"""

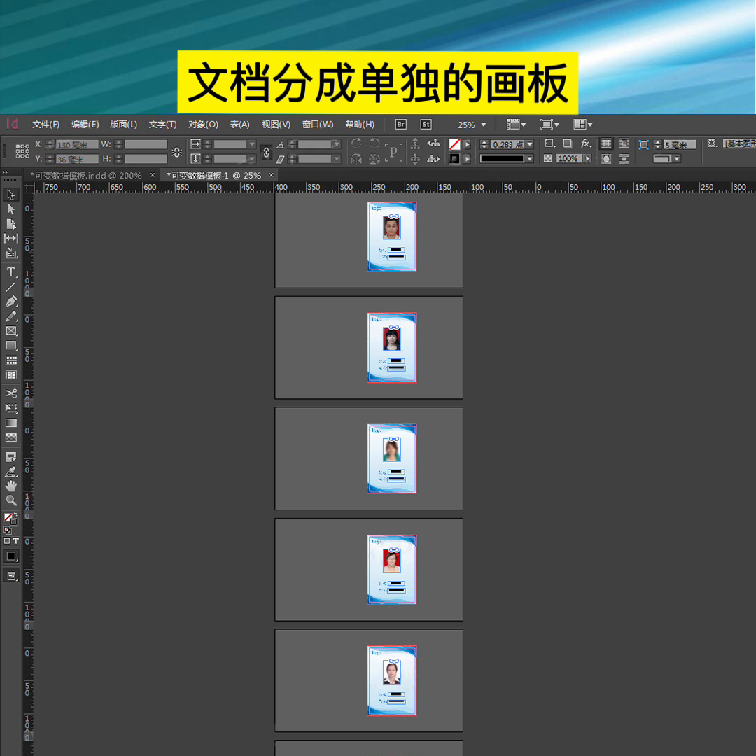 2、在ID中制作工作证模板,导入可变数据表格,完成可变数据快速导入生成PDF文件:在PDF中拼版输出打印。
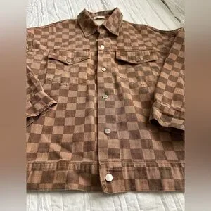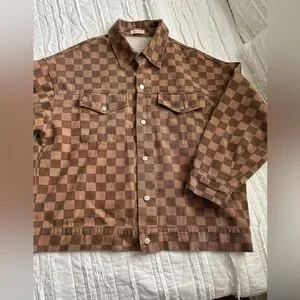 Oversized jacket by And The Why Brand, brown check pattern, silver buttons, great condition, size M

"""
"""

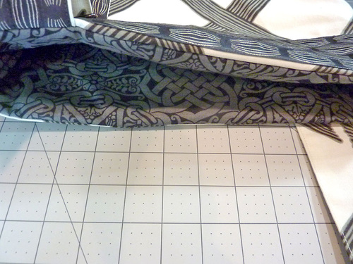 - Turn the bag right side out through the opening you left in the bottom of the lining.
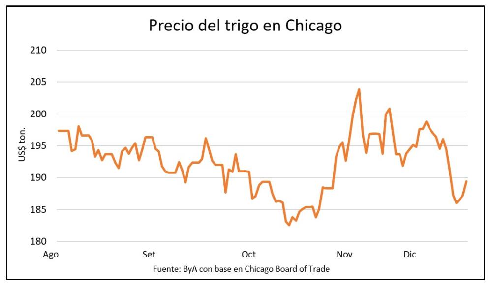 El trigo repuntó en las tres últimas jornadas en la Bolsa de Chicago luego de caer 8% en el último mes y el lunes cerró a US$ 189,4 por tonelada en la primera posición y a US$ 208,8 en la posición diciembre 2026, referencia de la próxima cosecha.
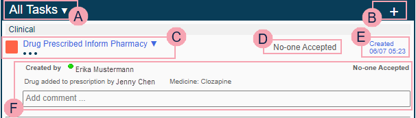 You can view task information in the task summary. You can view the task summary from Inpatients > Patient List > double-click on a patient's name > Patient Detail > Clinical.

"""
"""

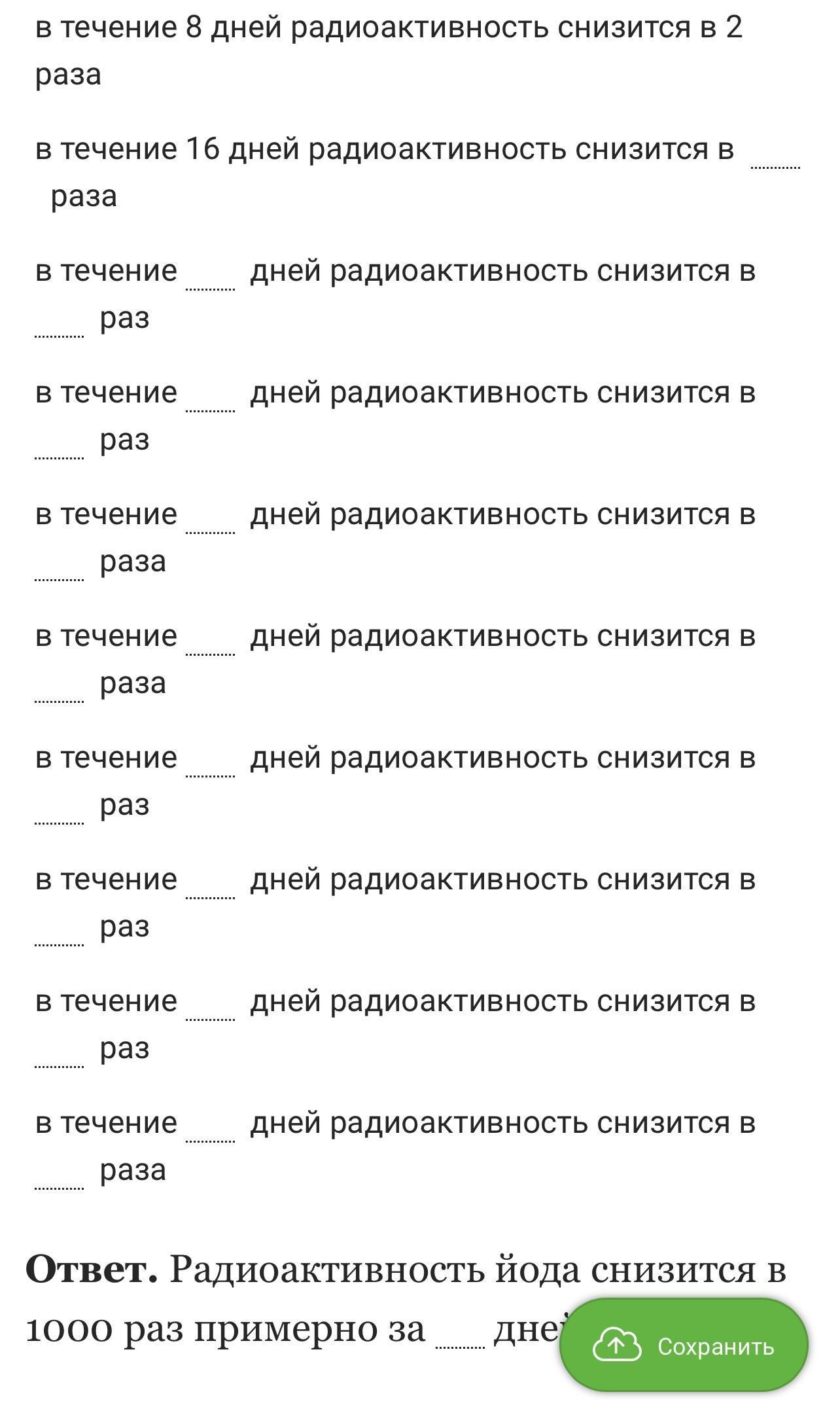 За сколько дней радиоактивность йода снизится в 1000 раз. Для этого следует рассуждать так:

"""

* WHAT IS EXPECTED: The result should be an exact copy of only the lines above from the one that holds "2、在ID中制作工作证模板,导入可变数据" through the one that holds "Oversized jacket by", both ends included, without pictures.

* RESPONSE:
 2、在ID中制作工作证模板,导入可变数据表格,完成可变数据快速导入生成PDF文件:在PDF中拼版输出打印。
 Oversized jacket by And The Why Brand, brown check pattern, silver buttons, great condition, size M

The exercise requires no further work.